As a new parent I got excited about giving my little girl her very first taste of real food. I couldn’t wait to watch her face contort as she tried to figure out the new texture and flavor in her mouth. I think that is one of the things I looked forward to most when I was pregnant. The videos of babies eating would crack me up in anticipation.
But, as I learned, everyone seems to have a different opinion about when and how a baby should start solids.
Family and friends have to be the most opinionated bunch on the subject. We got oodles of “advice” about when and what to give her. From cereal in the last bottle once you bring her home so she can sleep through the night to give her kidney bean juice before you start solids so that you prepare her stomach. They would tell us, with the sincerest of faces, that anis tea would calm her stomach and cure colic and sugar on bananas would make her like it more. The advice just kept on coming. Even the ladies at the grocery store would comment on what I should introduce next after they got a close look at what I was buying. Where did these people get their ideas anyway?
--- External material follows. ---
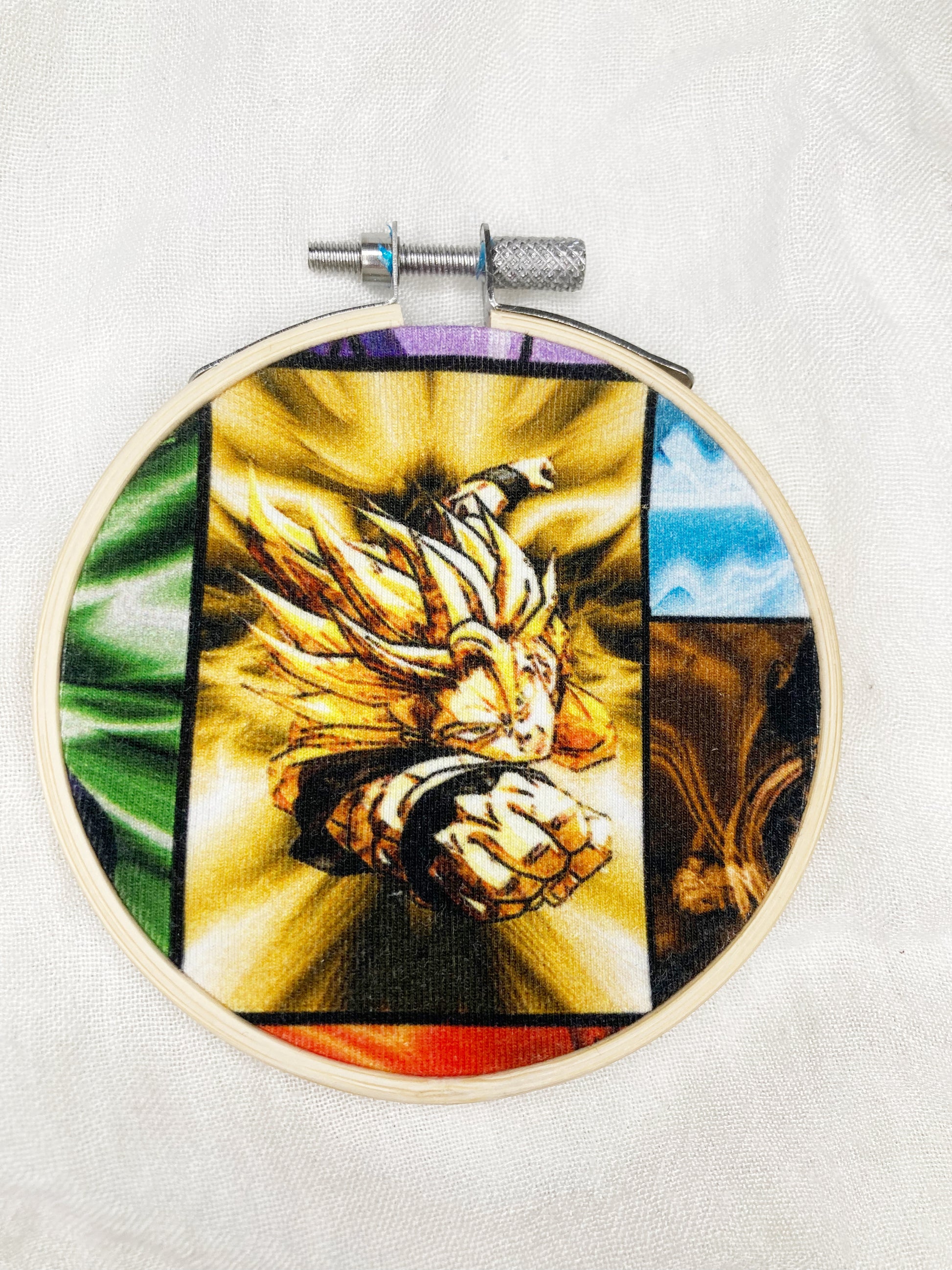 3” hoop with fabric. Image placement varies. Colors may differ in person due to device settings.
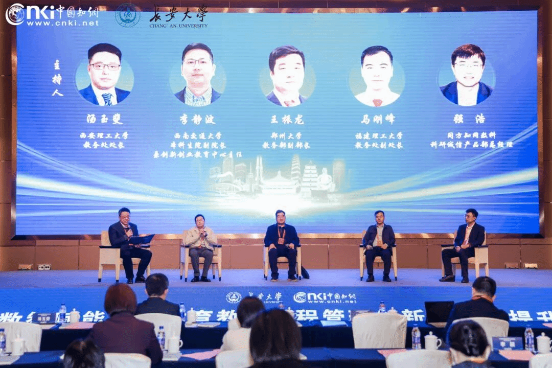 圆桌论坛环节,在西安理工大学教务处处长汤玉斐主持下,西南交通大学本科生院副院长兼创新创业教育中心主任李静波、郑州大学教务部副部长王振龙、福建理工大学教务处副处长马刚峰、同方知网数科科研诚信产品部总经理强浩等嘉宾就AI在教育教学领域的融合应用、人工智能技术助力教学提质增效、AI教育治理体系建设、教学过程管理实践、学术诚信底线坚守等方面展开深入对话与探讨。

Our pediatrician recommended the standard course of introductions. At four months we could introduce cereal, at six months we could start pureed food, and at nine months we could start solids. We tried. I pumped milk to mix it with cereal but she only spit it out. At first it was fun to try to get it in her mouth, but after a while it became frustrating for the both of us. It was clear that she didn’t want it, so I gave up and she just nursed. Later, I actually found out that the box that the cereal comes in has more nutritional value than the cereal itself, go figure. It is amazing how advertising makes you feel that cereal is the way to go. Then, six months came and went, and if she wasn’t in charge of what was going into her mouth, there was no way that it was going in there. She was happy eating pieces of bread and “teething biscuits,” so that is what we gave her. It wasn’t what I called nutrition, or how I had pictured it, but at least she was trying something new.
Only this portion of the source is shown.